각 작업에 대해 더 자세히 알고 싶거나 사용 방법 및 각 작업에 대한 가장 인기 있는 모델을 알아보려면 Tasks 페이지를 확인하세요.

사용자 정의 요청[[custom-requests]]

그러나 모든 경우를 항상 완벽하게 다루는 것은 어렵습니다. 사용자 정의 요청의 경우, [InferenceClient.post] 메소드를 사용하여 Inference API로 요청을 보낼 수 있습니다. 예를 들어, 입력 및 출력을 어떻게 파싱할지 지정할 수 있습니다. 아래 예시에서 생성된 이미지는 PIL Image로 파싱하는 대신 원본 바이트로 반환됩니다. 이는 설치된 Pillow가 없고 이미지의 이진 콘텐츠에만 관심이 있는 경우에 유용합니다. [InferenceClient.post]는 아직 공식적으로 지원되지 않는 작업을 처리하는 데도 유용합니다.

>>> from huggingface_hub import InferenceClient
>>> client = InferenceClient()
>>> response = client.post(json={"inputs": "An astronaut riding a horse on the moon."}, model="stabilityai/stable-diffusion-2-1")
>>> response.content # 원시 바이트
b'...'

비동기 클라이언트[[async-client]]

asyncio와 aiohttp를 기반으로 한 클라이언트의 비동기 버전도 제공됩니다. aiohttp를 직접 설치하거나 [inference] 추가 옵션을 사용할 수 있습니다:

pip install --upgrade huggingface_hub[inference]
# 또는
# pip install aiohttp

설치 후 모든 비동기 API 엔드포인트는 [AsyncInferenceClient]를 통해 사용할 수 있습니다. 초기화 및 API는 동기 전용 버전과 완전히 동일합니다.

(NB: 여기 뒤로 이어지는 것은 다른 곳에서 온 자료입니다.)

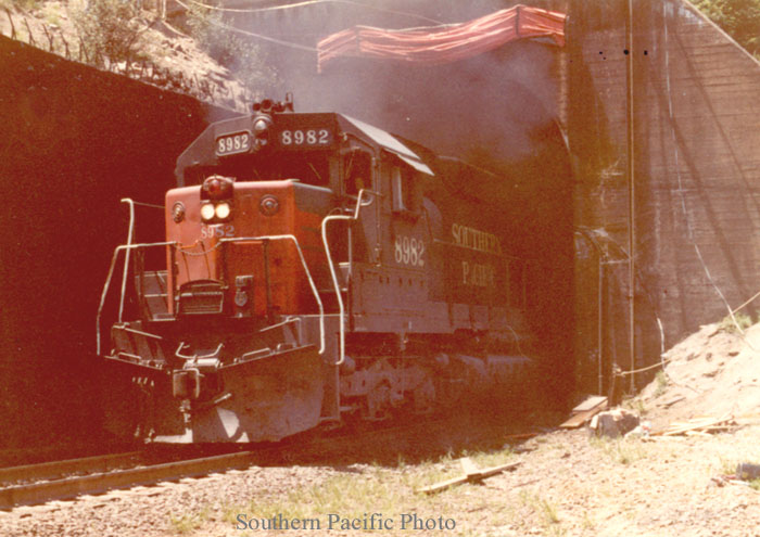 Road tests have been completed to evaluate the effectiveness on locomotive performance and train speeds of a temporary curtain applied to the west portal of Tunnel #7 near Cruzatte.Eight runs were made between June 14 and June 23 utilizing SD-45 unit 8921 as the trailing unit of a 3-unit lead locomotive consist. Train speeds were adjusted by throttling back helper units striving for 12.5 MPH nominal on grade. Four runs were conducted with curtain closed and four were run with curtain open. Data collected are tabulated and graphed on the attached exhibits. The graphs have been colored only in the confines of Tunnel #7. Unit 8921 was equipped with a temperature recorder mounted in the cab of the unit to log critical engine temperatures. Horsepower meters were also installed to measure changes in engine output as unit progressed through the tunnels. The Curtain used was a temporary affair made of rubberized nylon sheet and, while it did not offer a perfect seal, it did demonstrate the effect of pressurizing the tunnel by the piston action of the locomotive. Pressures of four pounds per square foot against the curtain were recorded, and we understand that this pressure is within the design limitations imposed by FMC for construction of permanent curtain. For the first run with the curtain closed, Test #1, the curtain was opened at a point where the locomotive was within 600 feet of the tunnel exit. For all subsequent tests with the curtain, it was set to open at a 400 foot distance. There is no question but that the use of a curtain at Tunnel #7 will give marked improvement to locomotive performance. While the benefits to be gained in so far as reduction of engine temperatures are minimal, the supply of oxygen-rich air for engine combsution greatly reduces the amount of engine derating which normally occurs in tunnels and consequently train speeds are kept to a reasonable minimum. At no time during the tests with the curtains in operation did train speed in Tunnel #7 get lower than 11 miles per hour, whereas, under standard conditions with curtain open, minimum speeds ranged between 4 and 8.5 MPH. At the conclusion of run #7 where train speed slowed to four MPH and measured engine output dropped to 250 HP, we were suspicious that unit 8921 had sustained a turbo charger malfunction. Unit was closely inspected on return to Eugene that evening, and, as it turned out, the only discrepancy found was that air filters appeared dirty and in need of changing. This condition of filter plugging may have had an influence on the relatively large amount of engine derating which occurred on the previous test #6 when curtain was in operation. In any event, the last test, which had the new engine air filters in service, produced excellent engine performance in that there was only a loss of 600 horsepower due to derating and no change in train speed through the tunnel. It is our considered opinion that use of a curtain at west portal of Tunnel #7 will greatly improve performance of high horsepower units in that territory and will maintain train speeds at a level considered acceptable by operating crews. Recommend that we proceed with FMC to have permanent doors applied. As matter of information, the proposed tunnel tests utilizing SD45T-2 units to be conducted jointly with EMD are scheduled to commence instrumentation on July 10 with the first trip from Sparks to Roseville to be on July 18. At the conclusion of these tests, which include two runs through the Cascades starting on or about July 22, we intend to utilize EMD's test car ET-800 to evaluate the performance of outside shrouds over radiator air intakes together with 6th throttle knockdown feature on SD-45 units with all units in the lead helper consists so equipped. W.O. Brown
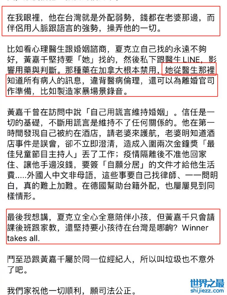 这位夏克立的好友还称,在自己眼里夏克立就是个弱势,黄嘉千用人脉和语言的强势,摆弄着夏克立的一切。
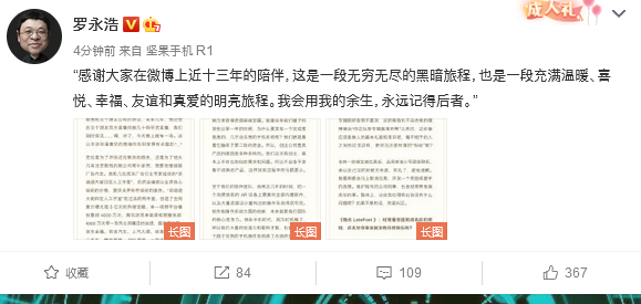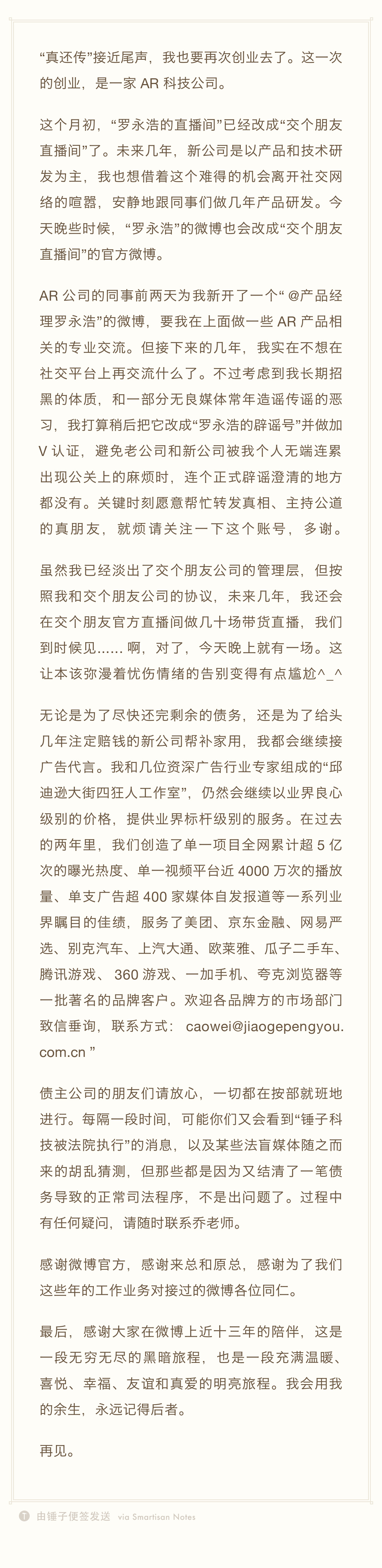 罗永浩在微博表示,微博账号“@罗永浩”不会注销,而是将改名为“@交个朋友直播间”,同时,罗永浩创业公司的同事已注册新的微博账号“@产品经理罗永浩”,用于交流专业问题。不过,罗永浩准备把它改成“罗永浩的辟谣号”,并加V认证。此外,未来几年,罗永浩仍会继续在抖音带货。
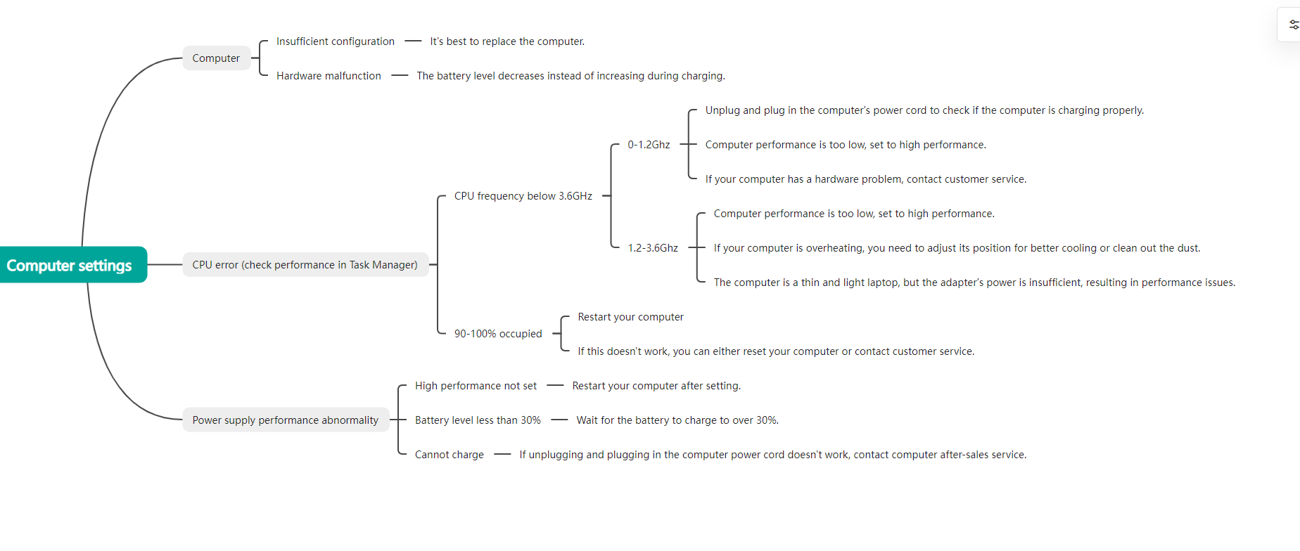 The following is the troubleshooting logic for computer settings.
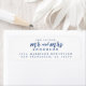 Mariage chic, moderne et simple étiquette d'adresse de retour avec le texte le futur M et Mme en bleu classique élégant script calligraphie. Ajoutez simplement votre nom et votre adresse. Conçu exclusivement pour vous par Happy Dolphin Studio. Si vous avez besoin d'aide ou de produits correspondants, veuillez nous contacter à happydolphinstudio@outlook.com . Nous sommes heureux de vous aider à faire de votre mariage la plus belle journée!
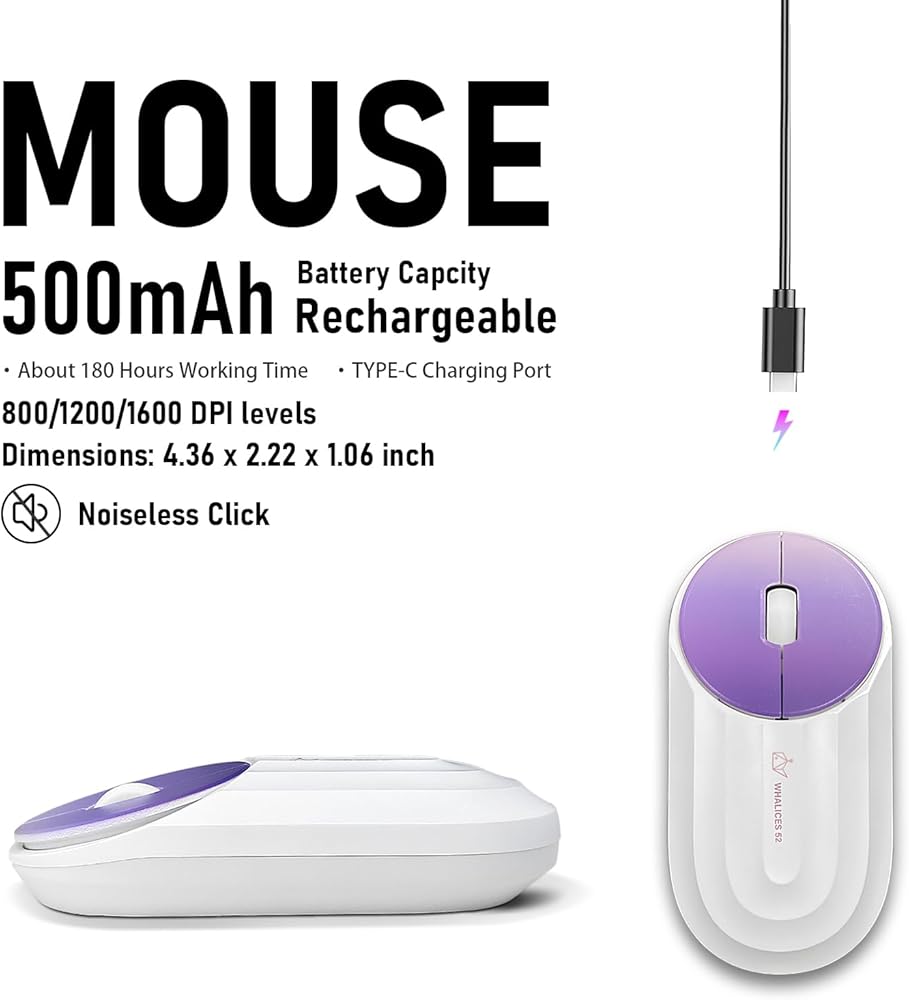 【 Wireless Keyboard and Mouse Bundle Fashion & Colorful 】 Rechargeable wireless keyboard and mouse combo set with full-sized 104 keys keyboard and colorful compact design. Keyboard with full-size keys, arrow keys, number pad, and shortcuts; Ambidextrous mouse is comfortable for both left and right handed users and compatible with 800/1200/1600 DPI levels; Keyboard Dimensions: 17.2 x 4.94 x 1.16 inch; Mouse Dimensions: 4.36 x 2.22 x 1.06 inch
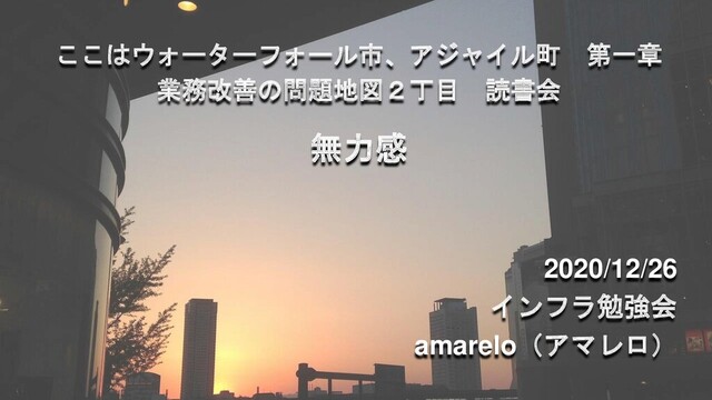 ここはウォーターフォール市、アジャイル町 第一章 業務改善の問題地図2丁目 読書会 無力感 2020/12/26 インフラ勉強会 amarelo(アマレロ)
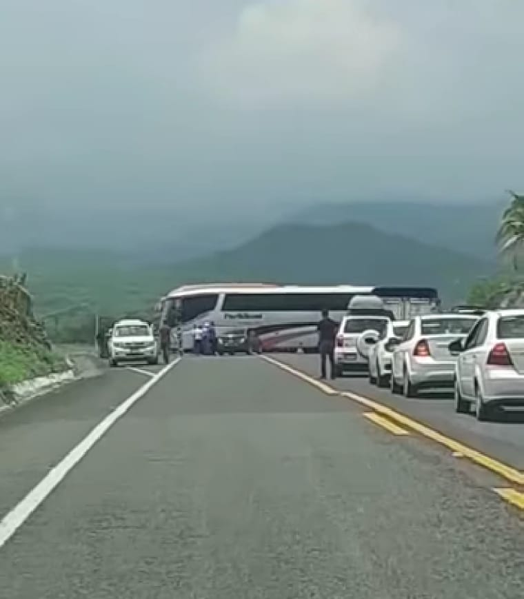 Los inconformes colocaron atravesado un autobús de la línea Parhikuni en un sentido y un tráiler en el otro para impedir el paso de los automovilistas que circulan por la zona.
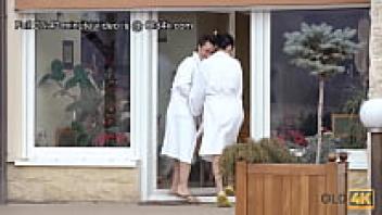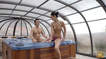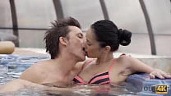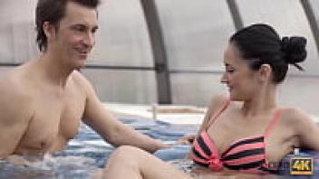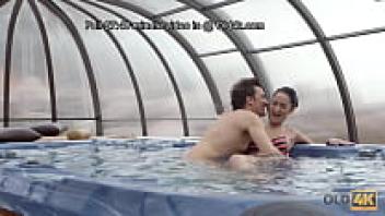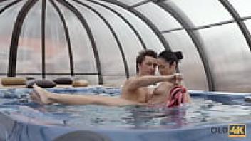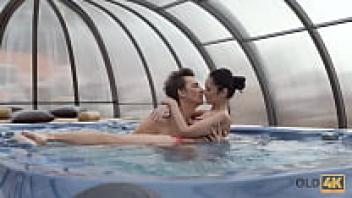 OLD4K. An elderly man has come to pierce a girl's trimmed pussy besides the swimming pool.

# 코드는 비동기 asyncio 라이브러리 동시성 컨텍스트에서 실행되어야 합니다.
# $ python -m asyncio
>>> from huggingface_hub import AsyncInferenceClient
>>> client = AsyncInferenceClient()

>>> image = await client.text_to_image("An astronaut riding a horse on the moon.")
>>> image.save("astronaut.png")

>>> async for token in await client.text_generation("The Huggingface Hub is", stream=True):
...     print(token, end="")
 a platform for sharing and discussing ML-related content.

asyncio 모듈에 대한 자세한 정보는 공식 문서를 참조하세요.

고급 팁[[advanced-tips]]

위 섹션에서는 [InferenceClient]의 주요 측면을 살펴보았습니다. 이제 몇 가지 고급 팁에 대해 자세히 알아보겠습니다.

타임아웃[[timeout]]

추론을 수행할 때 타임아웃이 발생하는 주요 원인은 두 가지입니다:

추론 프로세스가 완료되는 데 오랜 시간이 걸리는 경우
모델이 사용 불가능한 경우, 예를 들어 Inference API를 처음으로 가져오는 경우

[InferenceClient]에는 이 두 가지를 처리하기 위한 전역 timeout 매개변수가 있습니다. 기본값은 None으로 설정되어 있으며, 클라이언트가 추론이 완료될 때까지 무기한으로 기다리게 합니다. 워크플로우에서 더 많은 제어를 원하는 경우 초 단위의 특정한 값으로 설정할 수 있습니다. 타임아웃 딜레이가 만료되면 [InferenceTimeoutError]가 발생합니다. 이를 코드에서 처리할 수 있습니다:

>>> from huggingface_hub import InferenceClient, InferenceTimeoutError
>>> client = InferenceClient(timeout=30)
>>> try:
...     client.text_to_image(...)
... except InferenceTimeoutError:
...     print("Inference timed out after 30s.")

이진 입력[[binary-inputs]]

일부 작업에는 이미지 또는 오디오 파일을 처리할 때와 같이 이진 입력이 필요한 경우가 있습니다. 이 경우 [InferenceClient]는 최대한 다양한 유형을 융통성 있게 허용합니다:

원시 bytes
이진으로 열린 파일과 유사한 객체 (with open("audio.flac", "rb") as f: ...)
로컬 파일을 가리키는 경로 (str 또는 Path)
원격 파일을 가리키는 URL (str) (예: https://...). 이 경우 파일은 Inference API로 전송되기 전에 로컬로 다운로드됩니다.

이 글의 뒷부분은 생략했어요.